# Best fertilizer for large area?



## dbarlow (Jul 8, 2018)

I have a back pasture area at my house I'm starting to really work on this year, it's over 80,000 sq ft. I've already put down pre emergent and have some post emergent when it starts warming up. Is there a general fertilizer that is a decent price for this large area? I'm not trying to make it perfect, but I do want want it pretty nice. I have stuff for up close to my house, but needing ideas for this larger area. Thanks for any help.


----------



## Spammage (Apr 30, 2017)

@dbarlow whatever you can find on clearance.


----------



## adgattoni (Oct 3, 2017)

Granular urea (46-0-0) would work well for this. Cheap and high in nitrogen. If you get a clump or two and it burns the turf, you probably won't even notice it looking out across 80k sq ft.


----------



## soonersfan4512 (Jan 21, 2019)

adgattoni said:


> Granular urea (46-0-0) would work well for this. Cheap and high in nitrogen. If you get a clump or two and it burns the turf, you probably won't even notice it looking out across 80k sq ft.


I second this.


----------



## jonthepain (May 5, 2018)

46-0-0 granular


----------



## dbarlow (Jul 8, 2018)

soonersfan4512 said:


> adgattoni said:
> 
> 
> > Granular urea (46-0-0) would work well for this. Cheap and high in nitrogen. If you get a clump or two and it burns the turf, you probably won't even notice it looking out across 80k sq ft.
> ...


Where can you buy this and how much square foot does it cover?


----------



## N LA Hacker (Aug 17, 2018)

Any feed store or bulk fertilizer place should have it. You're in Mississippi, there should be plenty of co-ops around to help point you in the right direction.

To get 1 lbs of N/1000 sq ft. You'll need 173 lbs each feeding. I can get bags of 46-0-0 around here for $13-15/50 lbs.


----------



## CenlaLowell (Apr 21, 2017)

Like mentioned above co op and feed stores are where you need to be. I get my 33-0-0 50lb bag for 13.50


----------



## Art_Vandelay (Nov 20, 2018)

33-0-0 will be easier to find at the local feed store. Last season it was $11 for a 50lb bag. Put it out right before rain or during rain. Instagreen!


----------



## dbarlow (Jul 8, 2018)

Thanks everyone, I'll start calling co ops tomorrow.


----------



## jonthepain (May 5, 2018)

My local site ones and ewings keep 46 0 0 in stock.


----------



## Movingshrub (Jun 12, 2017)

@dbarlow You may be tracking on this. If you're looking for straight N, I'd price per amount of N versus lb of product. I'd think bulk urea, AMS, or UAN, whichever is cheapest per lb of N.


----------



## g-man (Jun 15, 2017)

@dbarlow if you know a farmer in your area, ask them. They will know the best price/place for it.

FYI
1lb of urea is 0.46lb of Nitrogen. If you want to apply 1lb of N/ksqft, then you will need around 2lb of urea (1/0.46=2.17) per ksqft.
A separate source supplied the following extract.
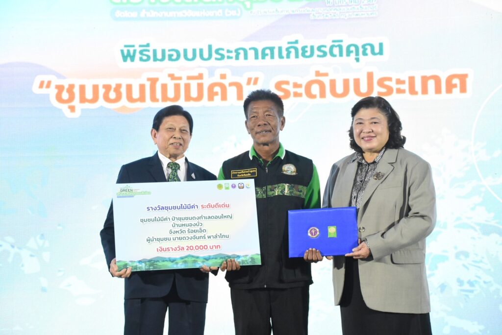 ดร.วิภารัตน์ ดีอ่อง ผู้อำนวยการสำนักงานการวิจัยแห่งชาติ (ผอ.วช.) กล่าวว่า (วช.) ภายใต้กระทรวง (อว.) ร่วมกับหน่วยงานภาคีเครือข่าย ได้แก่ สำนักงานพัฒนาเศรษฐกิจจากฐานชีวภาพ (องค์การมหาชน),กรมป่าไม้ และธนาคารเพื่อการเกษตรและสหกรณ์การเกษตร จัดงานฟอรั่มไม้มีค่า “สร้างเสน่ห์ชุมชนสีเขียว: Enchanting Green Community” เพื่อเผยแพร่องค์ความรู้ ผลงานวิจัย เทคโนโลยี และนวัตกรรม ให้แก่หน่วยงานภาครัฐที่เกี่ยวข้อง ภาคเอกชนที่ร่วมขับเคลื่อน เครือข่ายผู้ใช้ประโยชน์ รวมถึงประชาชนทั่วไปอย่างกว้างขวาง รวมทั้งสร้างโอกาสการพบปะเพื่อแลกเปลี่ยนข้อคิดเห็น ข้อเสนอแนะและผลักดันให้มีการนำผลงานเหล่านั้นไปต่อยอดและใช้ประโยชน์ในเชิงพื้นที่/ชุมชน ซึ่งจะเป็นอีกหนึ่งช่องทางที่สำคัญของความสำเร็จในการขับเคลื่อนโครงการชุมชนไม้มีค่าให้เป็นที่รู้จักแพร่หลายในวงกว้าง และการจัดงานในครั้งนี้ถือเป็นครั้งแรกที่มีการจัดพิธีประกาศเกียรติคุณ “ชุมชนไม้มีค่า” ระดับประเทศ รวมทั้งการสร้างทูตเยาวชน “ชุมชนไม้มีค่า” การจัดงานฟอรั่มไม้มีค่าในครั้งนี้ ถือเป็นการผสานพลังความร่วมมือและบูรณาการที่เชื่อมโยงกันจากทุกภาคส่วน เพื่อสนับสนุนให้เกิดการเพิ่มพื้นที่ป่า ซึ่งส่งผลทั้งในเชิงเศรษฐกิจ สังคม และสิ่งแวดล้อม สามารถลดจำนวนก๊าซคาร์บอนไดออกไซด์ และสร้างความสมดุลของระบบนิเวศอย่างยั่งยืนต่อไป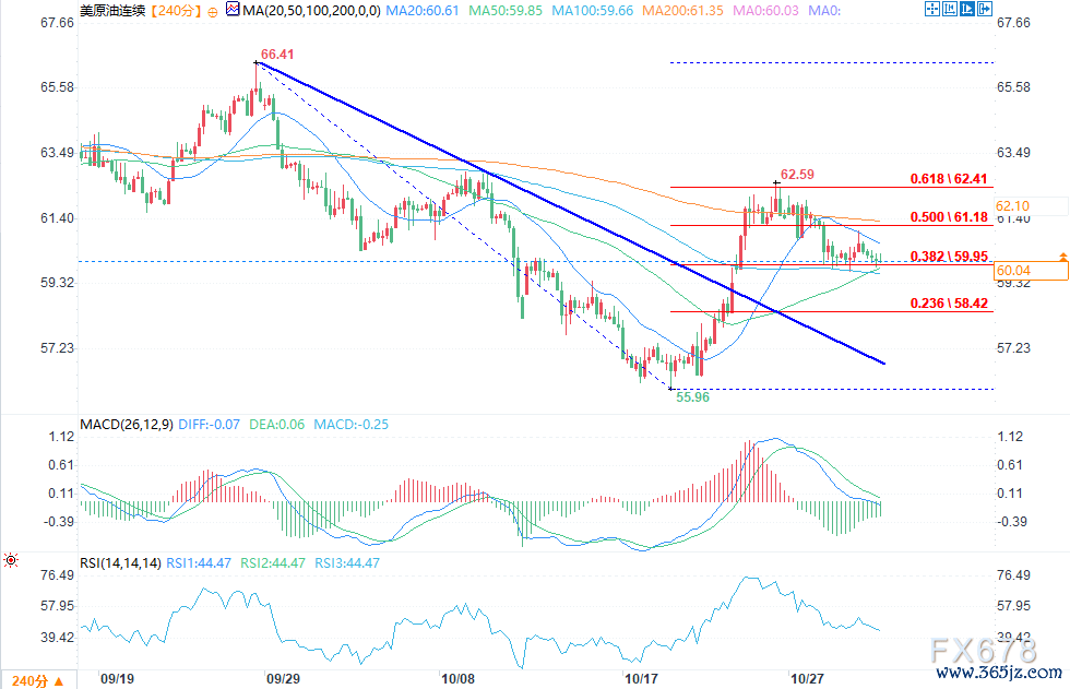 汇通财经APP讯——周四(10月30日),WTI原油期货小幅走低,价钱未能延续周三的小幅反弹,价钱在要道本事阻力位下方停滞。50日均线为59.85好意思元,不时狂妄上行势头,最近的波动高点为62.59好意思元。

1lb of AMS (ammonia sulfate) is 0.21lb. Using the same math, you will need 4.8lb of AMS/ksqft.

If both 50lb bags are around the same price ($15-20), then urea would be the cheapest since you need half the pounds compared to AMS. Also there is less lifting, storing and spreading.


----------



## Spammage (Apr 30, 2017)

Crop Production Service is likely your best bet if you have one near you.


----------